Pensions UK IC 26: PSB fiduciary duty guidance may 'complicate rather than clarify'

Fiduciary duty should not be the ‘sledgehammer’ used to crack every problem in the pensions industry, USS chief executive officer, Carol Young, has warned.

Speaking at the Pensions UK Investment Conference, Young stated that “fiduciary duty is well established. It's elegant. It stood the test of time over decades. And frankly, I think you messed with it at your peril. We were content with it as it existed”.

She therefore expressed concern that the ‘Byrne amendment’ in the Pension Schemes Bill (PSB) to require the Secretary of State for Work and Pensions to issue guidance on pension scheme trustees’ investment duties, may “complicate rather than clarify”.

The amendment proposes that the guidance may explain the meaning of ‘financially material considerations’, including environmental, social, and governance considerations, and ‘best interests of members’.

According to Young, considering systemic issues to the extent that they are material financial factors for members is already entirely compatible with that within decision making for trustees.

“I would really think that a scheme properly resourced with trustees, capable of exercising skilled judgement and properly updated on their trustee knowledge and understanding should be perfectly capable of using what exists today to make these types of complex decisions. My primary concern about the Byrne amendment was that it would actually complicate rather than clarify,” she explained.

However, fellow panellist, Sackers partner, Simon Daniel, noted that “in my experience, when you start really trying to get under the skin of the duty and to work with it today, you can quite quickly get into difficulties”.

“There are lots of issues that are obviously financially material to investing prudently and in the best interests of members. But the issue we are grappling with is that as our world changes, as our understanding of finance and investments changes, there are also other broader, deeper issues that are emerging that are maybe less obvious and yet still very relevant to the adequacy outcomes that members get at the end of the process,” he explained.

“The problem is that the legal sources that we do have are not clear about how to deal with these issues, and that's why lawyers can quite legitimately take very different views about some of them, and that's really because for a duty that is so fundamental to what trustees have to do, the sources of law are pretty limited and largely historic. And that's a problem because it means trustees don't really know where the safety net, where the legal safety nets, ends.

“So if we were to do nothing in this area, I think we would continue to see pockets of innovation in the industry… But I think collectively the industry will continue to struggle to make use of the full potential of fiduciary duty, unless we can clarify what it actually is. I would have preferred a legislative solution [as] when you're talking about problem with the law, the law is the right tool to use to fix it. [But] that's not where we're going. We'll get guidance. So pragmatically, the priority now for all of us has got to be to make sure that guidance is useful and helpful to schemes,” Daniels added.

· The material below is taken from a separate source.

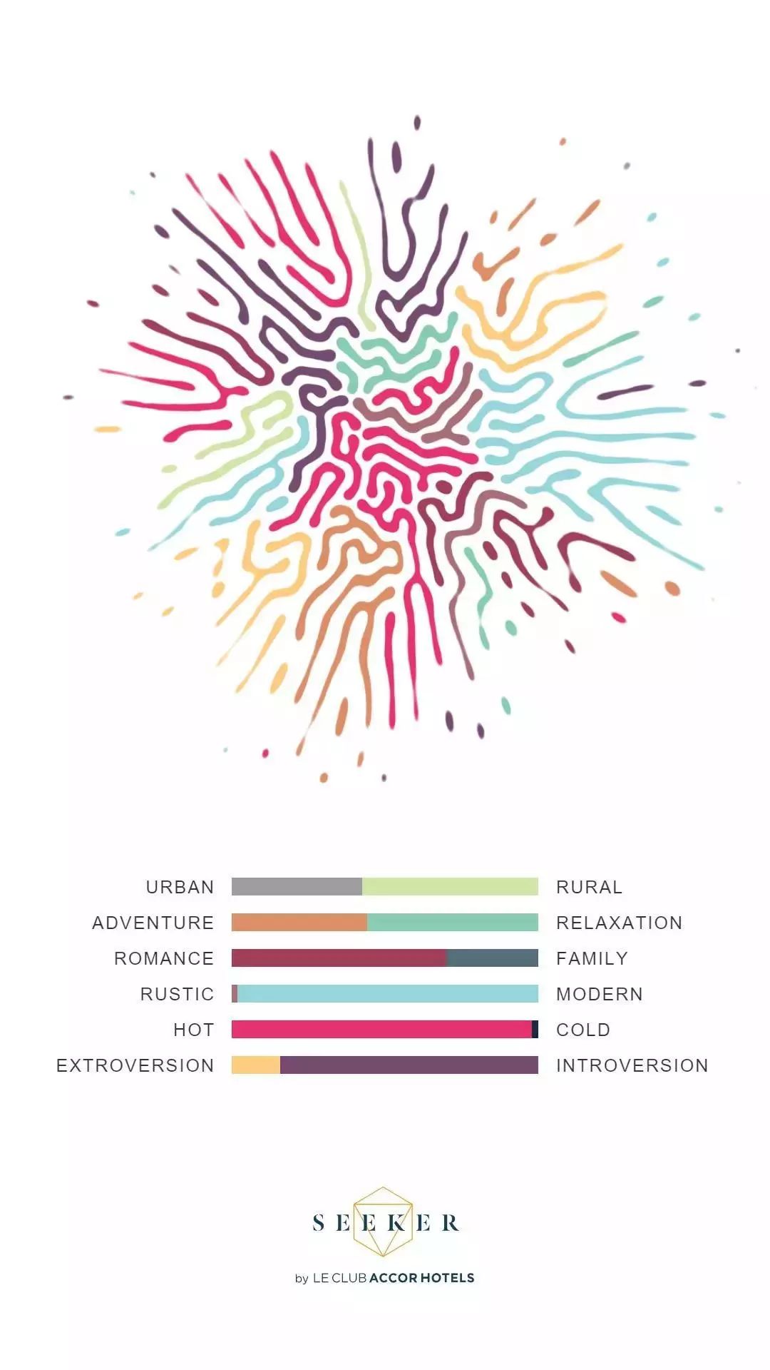 最后,算法會(huì)計(jì)算出六個(gè)關(guān)鍵指標(biāo)并以可視化的形態(tài)表示出來:城市或鄉(xiāng)村,冒險(xiǎn)或輕松,浪漫或家庭,自然或現(xiàn)代,熱或冷,外向與內(nèi)向。每個(gè)人都可以得到像指紋一樣獨(dú)一無二的個(gè)性情感畫像和旅行資料,可以據(jù)此為你建議符合相同指標(biāo)的旅行目的地。

Fellow panellist, ShareAction chief executive, Catherine Howarth, agreed that legislative clarification would have provided “the strongest and most durable legal protection for trustees”, but the commitment from government to statutory guidance “is a very constructive step, and we really welcome it”.

However, the guidance must do some “real work”, she warned.

“It must reduce uncertainty, not add to it. It must provide trustees with confidence that if they follow a robust, proportionate decision-making process in managing financially material, systemic risks, they're acting squarely within their duties. We see that the question is not whether fiduciary duty is fit for purpose in theory, it's whether trustees feel sufficiently protected to deliver on it fully in the uncertain and fast changing world that UK pension savers are living in and will retire into,” she explained.